Tuesday, March 12, 2013

What the electoral tea leaves say

By now it should be clear that the general elections are not around the corner. If there were any lingering doubts, they have been dispelled by the Union Budget.
It was neither here nor there, but it was certainly not a populist Budget, which is usually a harbinger of elections.
The Congress will have to show uncommon courage were it to call an election after socking it to the middle class who will have to pay more to even visit the neighbouring Barista. 
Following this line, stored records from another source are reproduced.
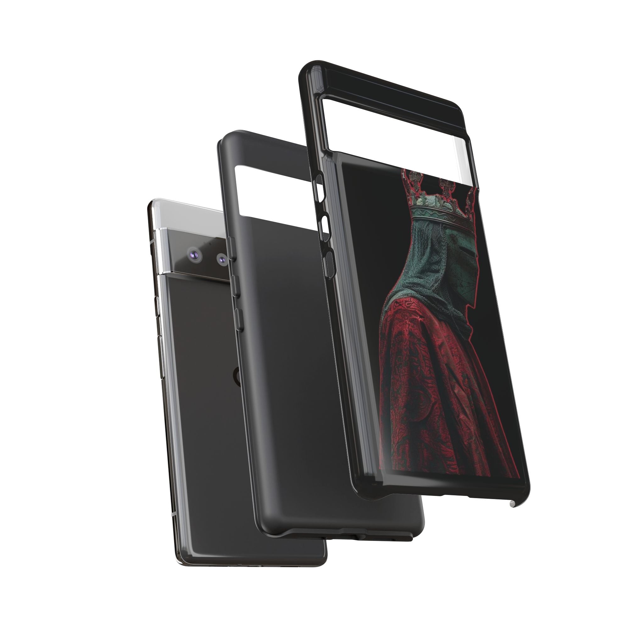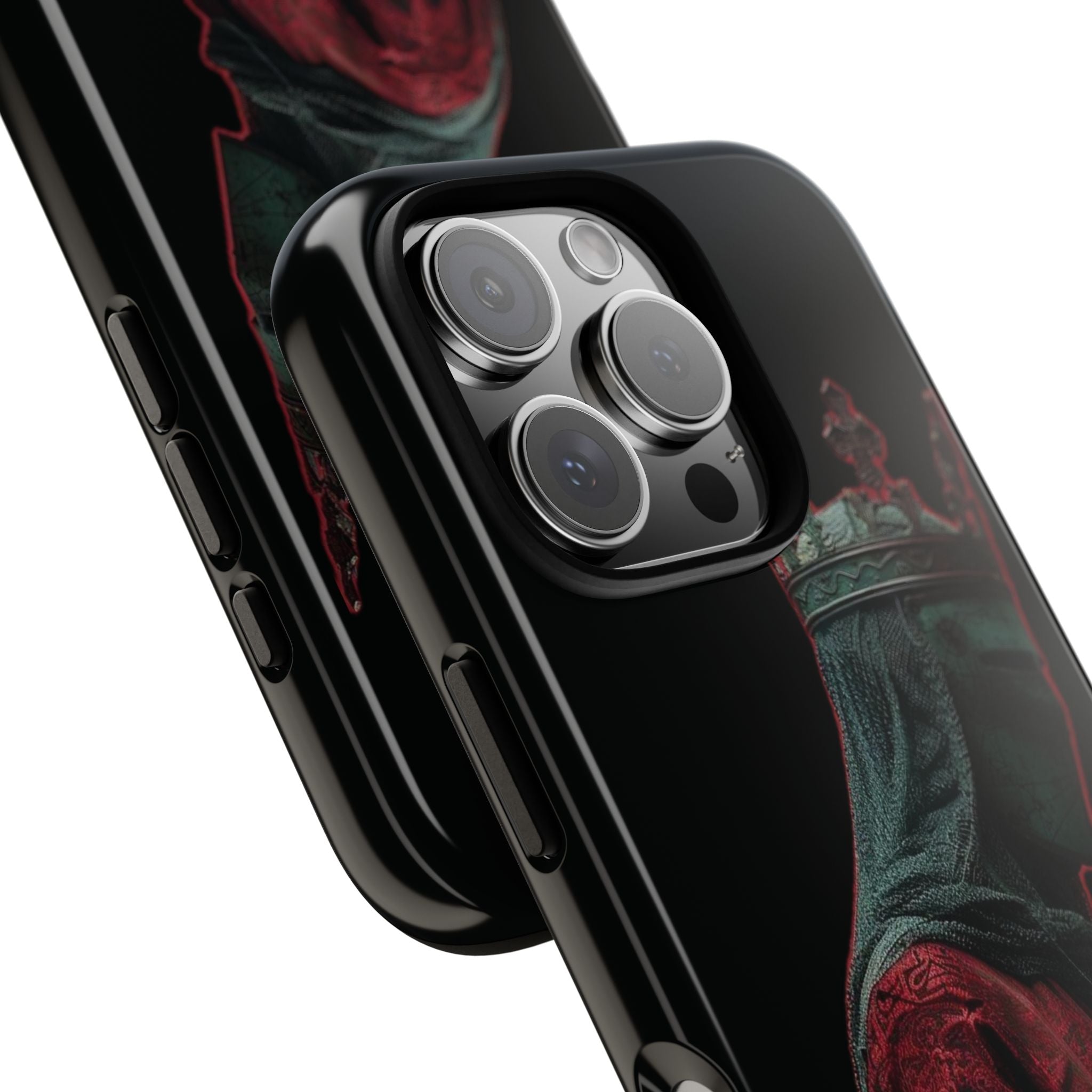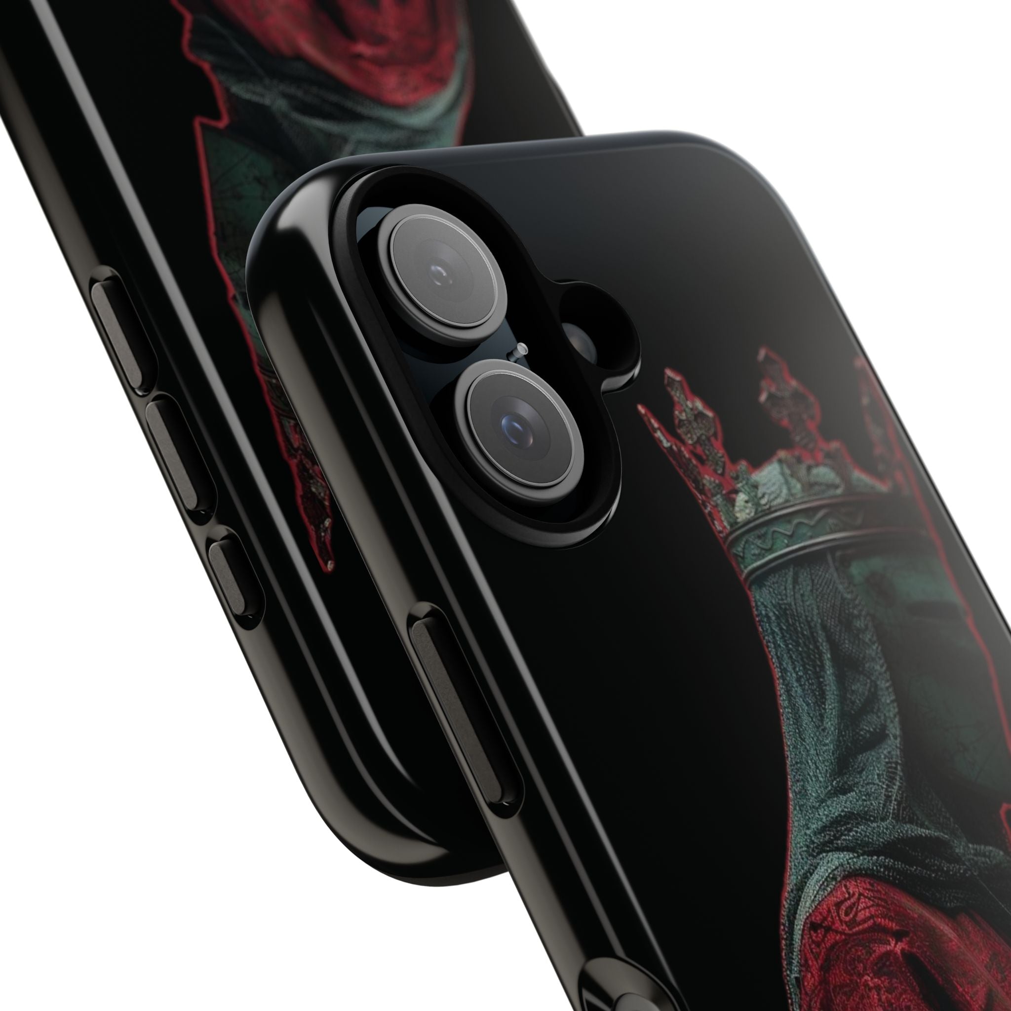 This slim, dual-layer phone case brings a dark, regal mood to your everyday carry. The full-wrap 3D print renders a medieval crowned figure in deep reds against a matte black field, giving the case a low-profile, artful presence. Built from a rigid polycarbonate shell and soft TPU silicone liner, it absorbs shocks and resists drops while keeping ports clear and wireless charging available. UV-protected inks preserve contrast outdoors, and the glossy or matte finish options let you choose the look that fits your style. Made to handle daily wear with certified safety standards and crafted for recent phone models, it transforms a functional necessity into a statement piece for those who favor moody, historical aesthetics.
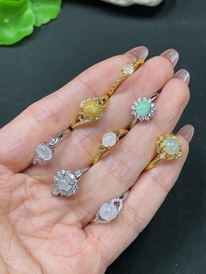 F14532586 Jadeite Cabochon Inlaid Ring (Non-Gold Setting, Adjustable Size)
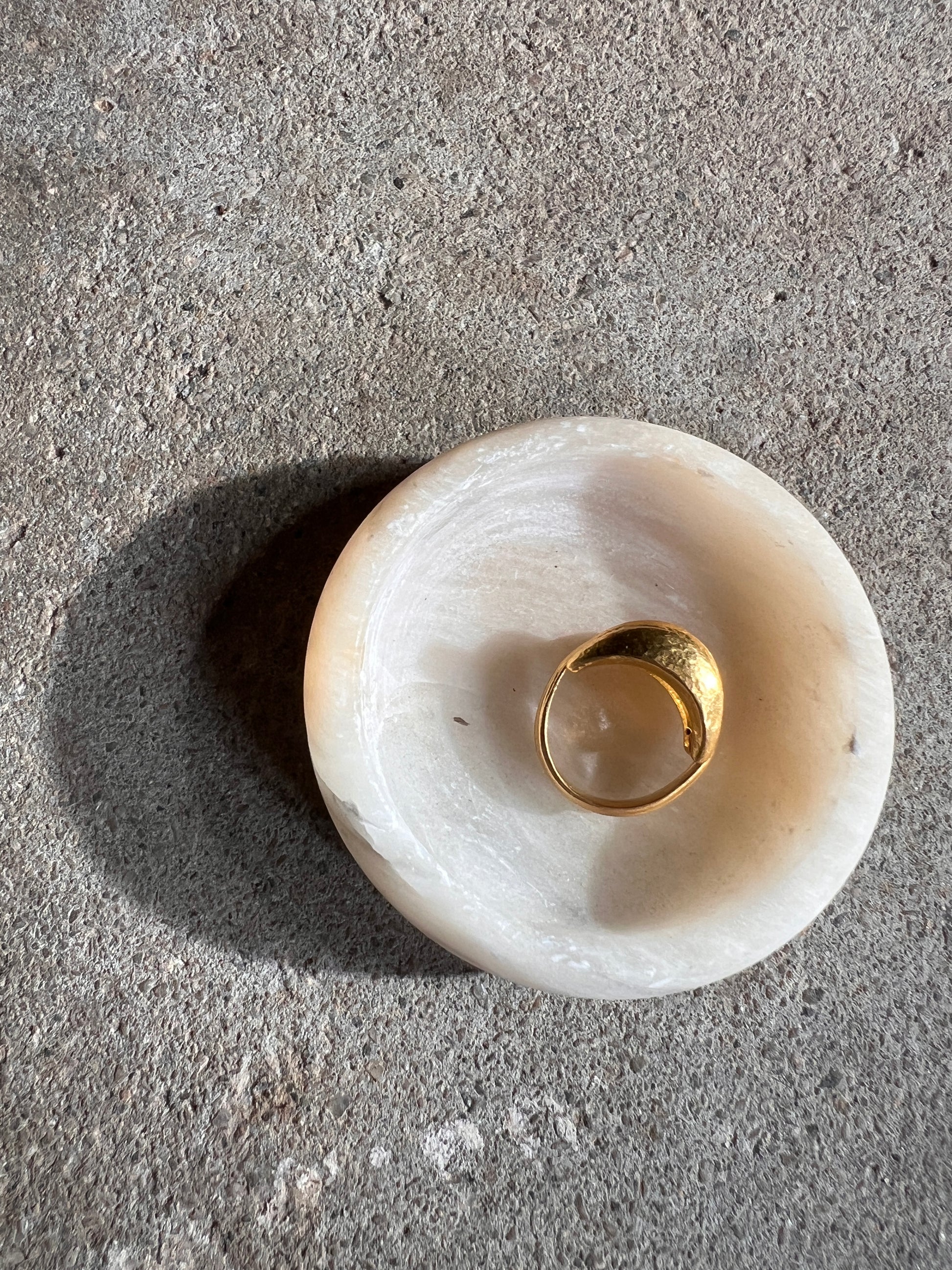 A gorgeous hand-hammered 18K gold ring with 3 stacked knife-edge segments joined by a fused double shank. Made by the iconic Greek family-owned jewelry brand founded by Ilias Lalaounis, they are known for their weaving together of ancient Greek motifs and manufacturing processes. From 1980s, this is a timeless example of their Neolithic minimalist jewelry style with its clean lines and hand hammered 18K gold. A true heritage piece!
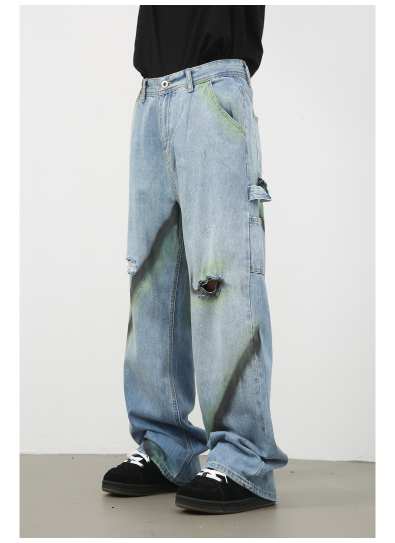 Nirbenカウボーイ | 街のレトロな木こりジーンズ男性アメリカの潮牌高街破洞ゆるいストレートパンツ
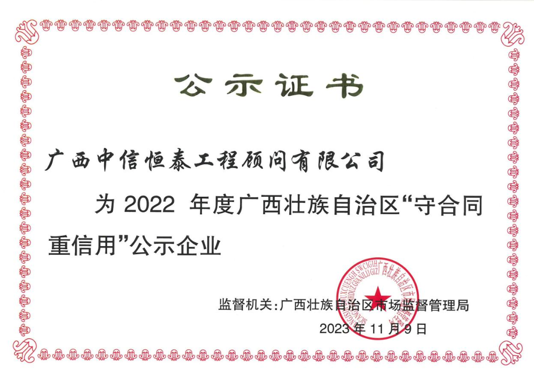 近日,廣西壯族自治區(qū)市場監(jiān)督管理局公布了《關(guān)于公示2022年度廣西“守合同重信用”企業(yè)名單的通告》。中信恒泰憑借良好的企業(yè)社會影響力、健全的合同信用管理體系、優(yōu)秀的合同履約狀況,再次榮獲廣西“守合同重信用”企業(yè)稱號。
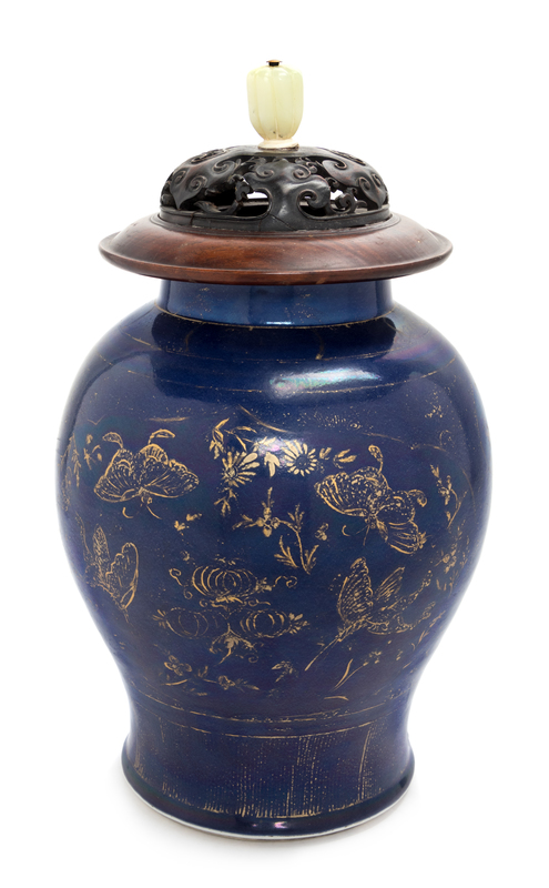 the baluster body decorated with gilt highlights shwoing butterflies in flight above floral scrolls, together with a fitted hardwood cover carved with large ruyi heads and surmounted by a jade melon-form finial.
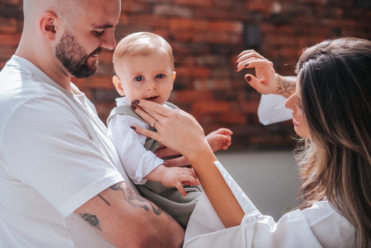 O Luca está cada dia mais encantador — um bebê lindo, sorridente e dono de olhos grandes e azuis como o céu! Durante o ensaio, distribuiu sorrisos generosos e olhares curiosos, conquistando ainda mais os corações da mamãe, do papai e da vovó, todos completamente apaixonados por ele. Um momento cheio de amor, leveza e ternura para guardar pra sempre.
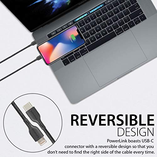 Promate MFi Certified Lightning to USB-C Cable, Fast Charging Syncing Cord with 3A Power Output and Anti-Tangle 1.2m Cable for iPhone, iPad Pro, iPod, MacBook Pro, PowerLink, Black
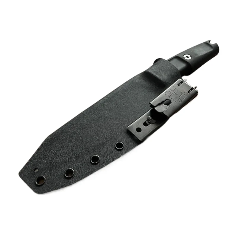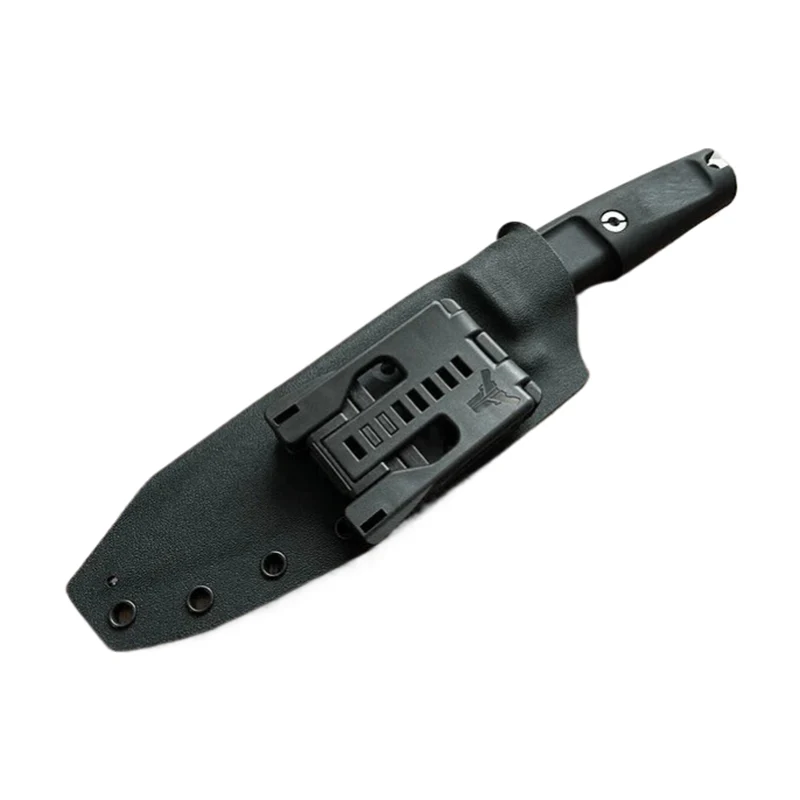 Para ikabit ang Camping Fixed Blade Knife at Sheath Shrapnel One sa sinturon sa tradisyonal na paraan, pahalang o patayo, kadalasang pinipili ng aking mga customer ang Multi-Lok. Kung gusto mong dalhin ang kutsilyo nang mas mababa, inirerekomenda ko ang isang nylon strap na may hawak na Kydex. Ang Velcro ay mainam para sa pagdadala ng kutsilyo sa sinturon. Ang Velcro ay isa ring praktikal na solusyon para sa paglakip ng kutsilyo sa strap ng backpack. Bilang karagdagan sa Kydex sheath, maaari akong mag-attach ng fire steel holder, opsyonal na may fire steel (80mm ang haba).
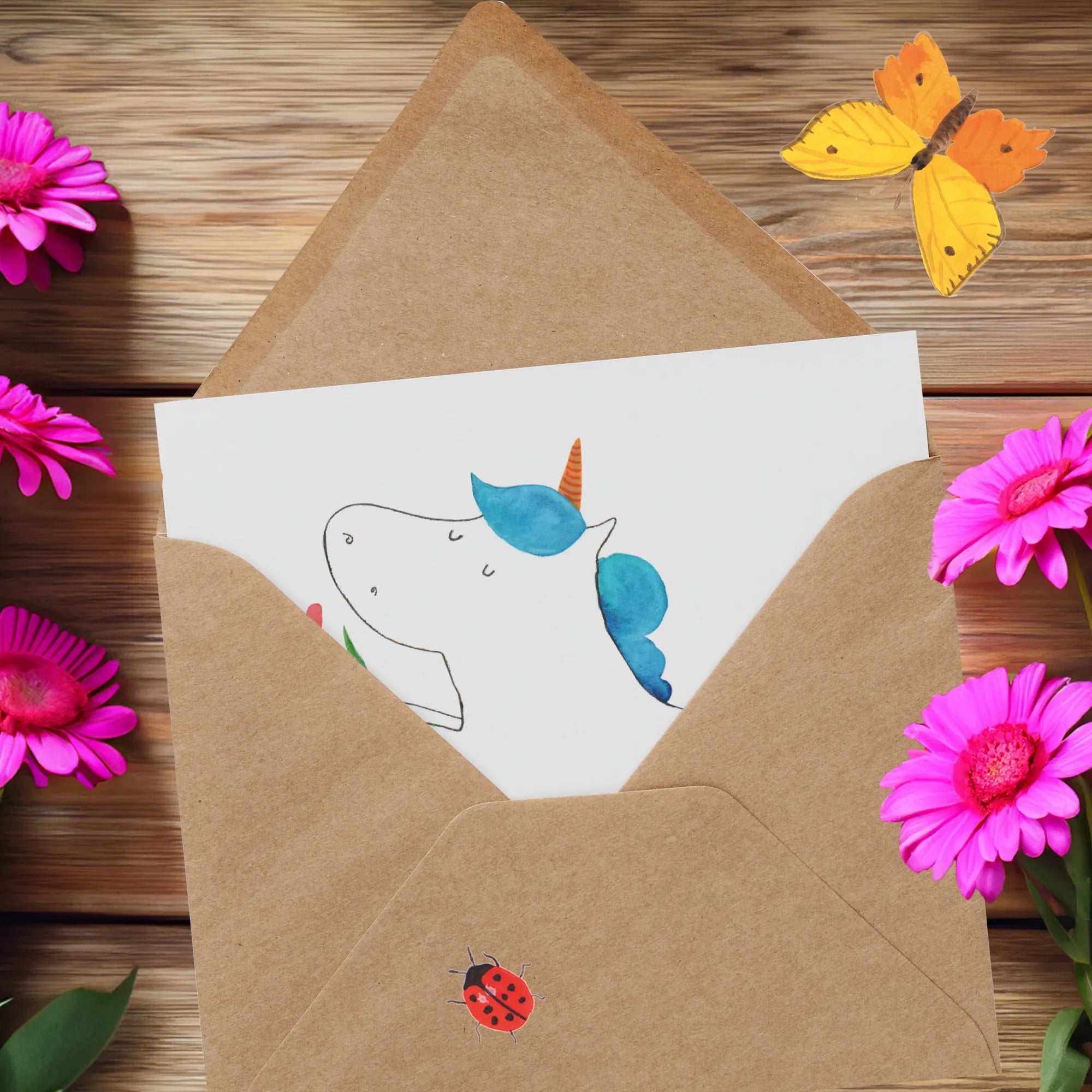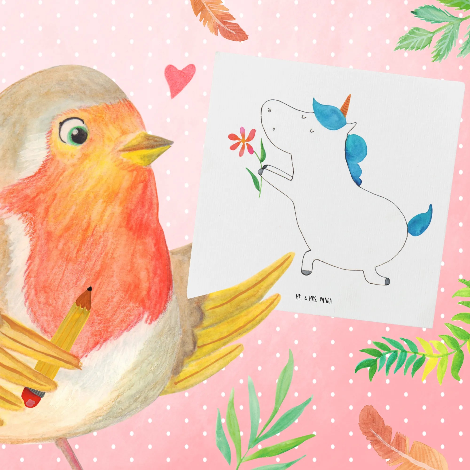 Die Deluxe Karte Einhorn Blume von Mr. & Mrs. Panda ist das perfekte Geschenk für jeden, der die zauberhafte Welt der Einhörner liebt. Diese wunderschöne, hochwertige und quadratische Karte ist auf hochwertigem 300 Gramm Karton gedruckt und hat eine hochglänzend veredelte Vorderseite sowie eine matte Innenseite, die dir die Möglichkeit gibt, deine persönlichen Glückwünsche oder Grüße einzutragen.
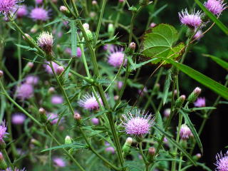 タムラソウ(20060917)キク科 アザミに似ているが葉に棘がない。吉祥山では散発的に咲いているのを見る。 |

This is a group whose support has been the foundation of the Congress party's performance in 2004-2008, and by common agreement, it is the group that is now disenchanted with the party.
A year, for that is what now broadly remains for the scheduled date of the next general elections, is a long time in politics.
The Congress party, no doubt, wishes that it were longer.
Just as it had managed to stabilise the political situation last autumn and shown a great flurry of activity in pressing ahead with permitting FDI in retail and then hanging Ajmal Kasab and Afzal Guru in quick succession, it found the ground under its feet slipping with the sudden emergence of the AgustaWestland helicopter scandal and Chidambaram's indifferent Budget reflects the return to the Congress normal of pusillanimity.


No matter what Saint Antony the defence minister says, something remains rotten in Denmark.
We know that €51 million have been charged extra for the 12 helicopters, but what we need to know is why that has happened and who has received those moneys.
The Tyagis, as one writer has pointed out, are red herrings who have, at best managed some Euros in the hundred thousands, but there appear to be some people who have got the money in tens of millions.
Who are they ? The first part of the Congress strategy now rests in the hope that public memory tends to be short.
An AgustaWestland AW101 medium-lift helicopter
Given the many scandals we have been deluged with - the CWG scams, the 2G scandal, the National Rural Health Mission scam of UP and so on - they hope that people will forget the trifling matter of €51 million.
So, in quick order, the government has proactively insisted on a Joint Parliamentary Committee to investigate the issue.
Given the way the JPC for 2G is working, you can be sure that the helicopter matter will soon be buried in a mountain of words and chicanery.
The second part rests on the hope that with inflation down, the economy will pick up in the coming months and year and bring in a touch of the "feel-good" factor on the eve of the elections, which must take place by May 2014.
A lot of the hope, of course, rests on the figures that the government has itself conjured up.
While no sensible person would want the economy to tank so as to celebrate the schadenfreude of a possible election loss of the Congress, it is a fact that nothing in the numbers at this juncture provides any room for comfort.
It is true, of course, that economic forecasting using current statistics is notoriously difficult since the figures never quite catch the moment when things go up, rather than down.
But, to be brutally honest, in recent times, they have quite distinctly tended to head southwards. 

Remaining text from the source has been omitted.